At any rate, that was an inauspicious beginning to my Afghanistan adventure. I was very glad I was getting off of a plane when I saw that, as opposed to getting on.

7. We got rocketed twice while I was in Bagram, within days of each other. The first attack, I didn't even hear. The Voice of God woke me up. Many of the other contractors in my tent went running for the bunker as they tried to get on their body armor and helmets. I checked into my office for accountability, to show that I wasn't dead. Then I went back to sleep. That rocket hit a B-Hut, which is a long, one-story wood house that is subdivided into a bunch of compartments that people use as rooms. Think cubicles for living. The rocket killed one guy but the other two people next to him were fine. That just goes to show that my attitude about the rockets and mortars is correct. It's a lottery. It pretty much has to be a direct strike. If that happens, you were just due.
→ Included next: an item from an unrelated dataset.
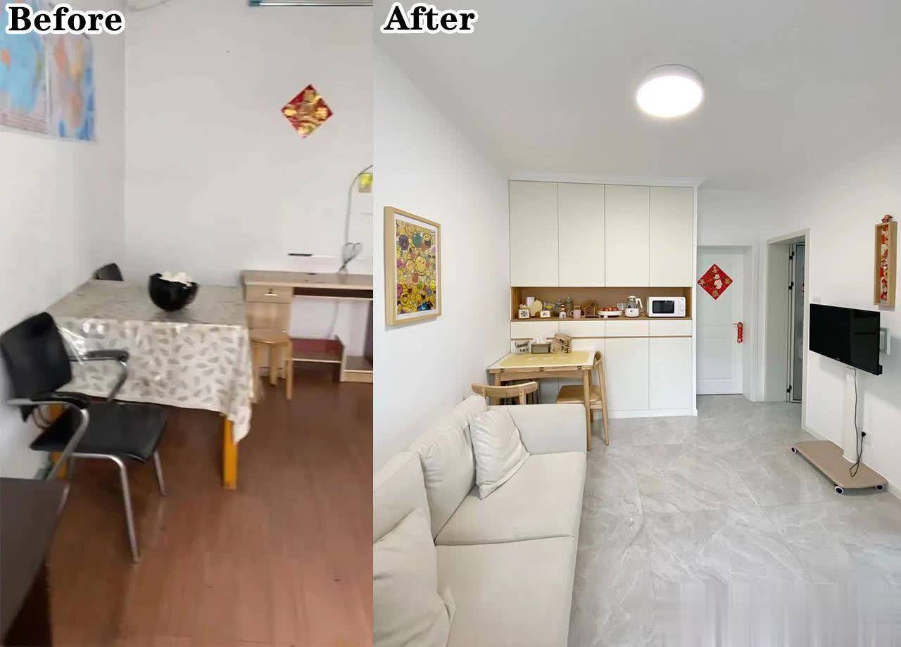 让人惊喜的是,“老破小”在经过重装改造之后,变成了一个简约大气又实用的温馨小家,一家3口过上了安稳幸福的生活。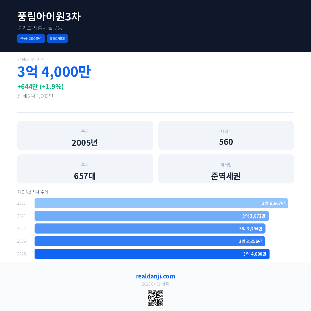 풍림아이원3차 국민평형 기준 2026년 평균 거래가는 3억 4,000만으로, 전년 대비 1.9% 상승 했습니다.

Two nights later, I heard the rocket go over my tent but didn't hear the impact. In Iraq, I'd not only hear the rockets and mortars impact, I'd feel it. I'd wake up on the floor of my hut, my hands covering my head, my lungs giving my heart a bearhug as it tried to set the beats per minute world record. Not being cavalier, but this just hasn't bothered me in Afghanistan. I signed in and went right back to sleep.

8. In Phoenix, the hangar that I sleep in counts as a "hardened structure", meaning that in case of rockets or mortars we are safe in there. I'm amazed by American technological advances. Apparently, we've come up with a an aluminum that can repel incoming explosive projectiles. That, or idiotically, the powers that be simply slapped a sign that says "hardened structure" on a death trap. It's okay though, should a rocket hit, it's not like it would send secondary shrapnel from the aluminum roof all over the place. Waitaminute...

Actually, there are bunkers just out back of the hangar, so they must have realized that aluminum does not make good protective material. Oh wait, the bunkers are aluminum tractor trailer boxes with no sandbagging. I'm starting to think they just want a place where they can corral all the dead bodies.